So maybe she took it down, but doesn't really matter. Because
we know that they got out because we have the picture. And
unfortunately, not one single person actually attending that
conference that day made it out of the North Tower. So this photographer, the fact that they got this picture out of there is just like such a crazy coincidence.
Here is Mathis with a quote from 102 Minutes' Kevin Flynn, the guy who put that book together about this.
I've never had the name of the photographer. And for someone who took some picture and had them developed,
it may have been just that Bloomberg wanted to protect the name of the photographer. And for someone who took some picture and had them developed, it may have been just that Bloomberg wanted
to protect the privacy of that person.
Maybe they were upset about having been there
and escaped or whatever.
But anyway, I never got that name.
Yeah, survivor's guilt is real, you know, like.
Yeah, yeah.
And you know, that's a very like legitimate reason
why maybe this person is gonna stay hidden forever.

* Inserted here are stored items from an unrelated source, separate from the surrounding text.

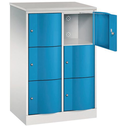 Spind mit 6 und 10 Fächern und vandalismussicheren Türen - 2 Säulen, Breite 380 mm - auf Sockel - CP
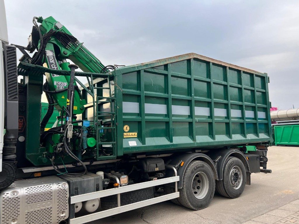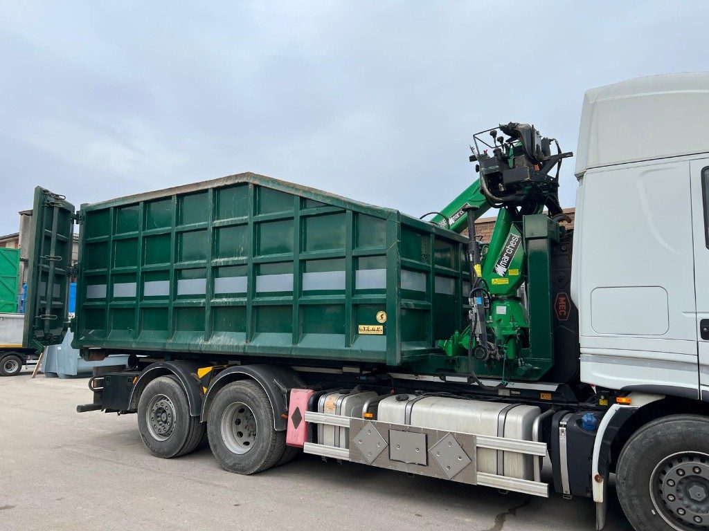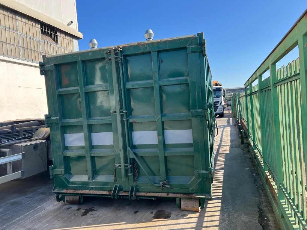 TITOLO: CONTAINER SCARRABILE USATO A CIELO APERTO PER INGOMBRANTI IN HARDOX RINFORZATA PER ROTTAME CON SPACCO DI ROCCIA PER TUTTO IL PERIMETRO SUPERIORE. APERTURA POSTERIORE CON DUE PORTE A LIBRO + GRU MARCHESI E POLIPO ROZZI A 6 PALE CON ROTORE
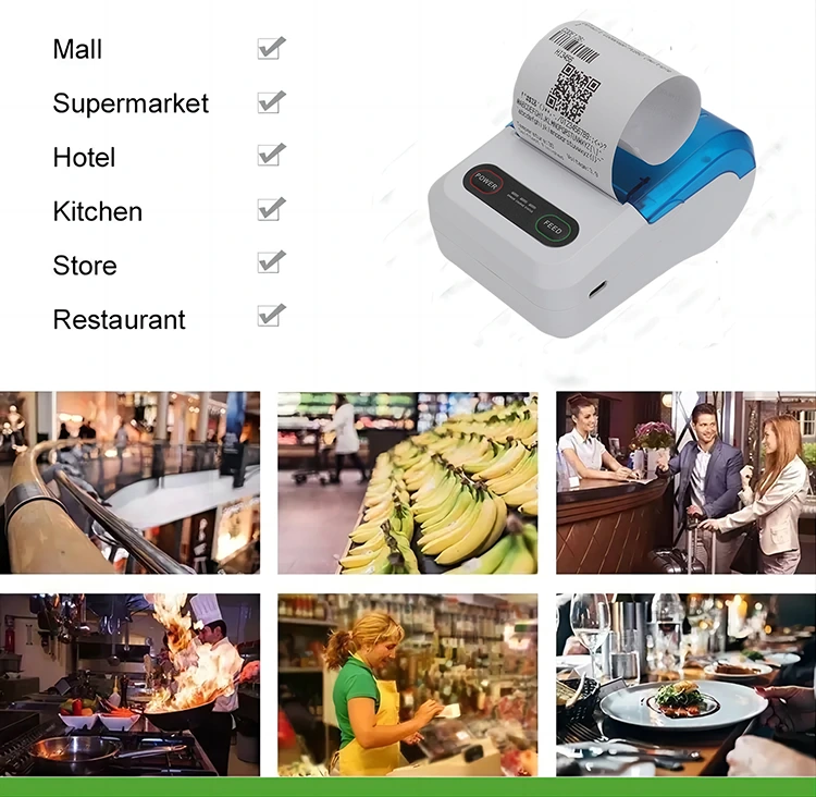 Термални Блуетоотх бежични штампачи без мастила постају све популарнији и нашироко се користе у више индустрија као што су малопродаја, угоститељство, логистика и здравство. Малопродајна индустрија га може користити за брзо штампање рачуна за куповину. У угоститељству, може одмах да штампа наруџбине. У логистичкој индустрији може да штампа налепнице за експресну испоруку. У медицинској индустрији, може да штампа медицинске картоне и рецепте. Сви ови сценарији примене показују високу ефикасност и практичност термалних Блуетоотх штампача.

But the photo showed up again in 2011 and 2014 for the first two
times on the actual internet when several YouTube videos were
posted featuring a 911 call that was recorded that morning from
the sort of like third guy that's in this picture. Like I've
only mentioned the first two guys, the man in the background
is called Christopher Hanley can't really see him. He's not
really like in the picture that much. This 911 call, I will put it in the show notes if you want.
Okay. But I warn you, that's a harrowing listen. You don't want to-
It's less not safe for work and more not safe for life. It's like a-
It'll stick with you.
It's a day ruiner. You know what I mean?
I've heard a few of these 911 only and they're just all fucking awful. I, I, I in fact encourage you,
even if you're going to just go to the nine one one archive subreddit to gird
your loins,
because the very first thing that I saw was like one of the most disturbing
pieces of footage of anything that I've ever seen. So just, just so you know,
like fair warning on that. Uh, and uh, again, the photo appeared,
uh, do you guys know our last images on Reddit?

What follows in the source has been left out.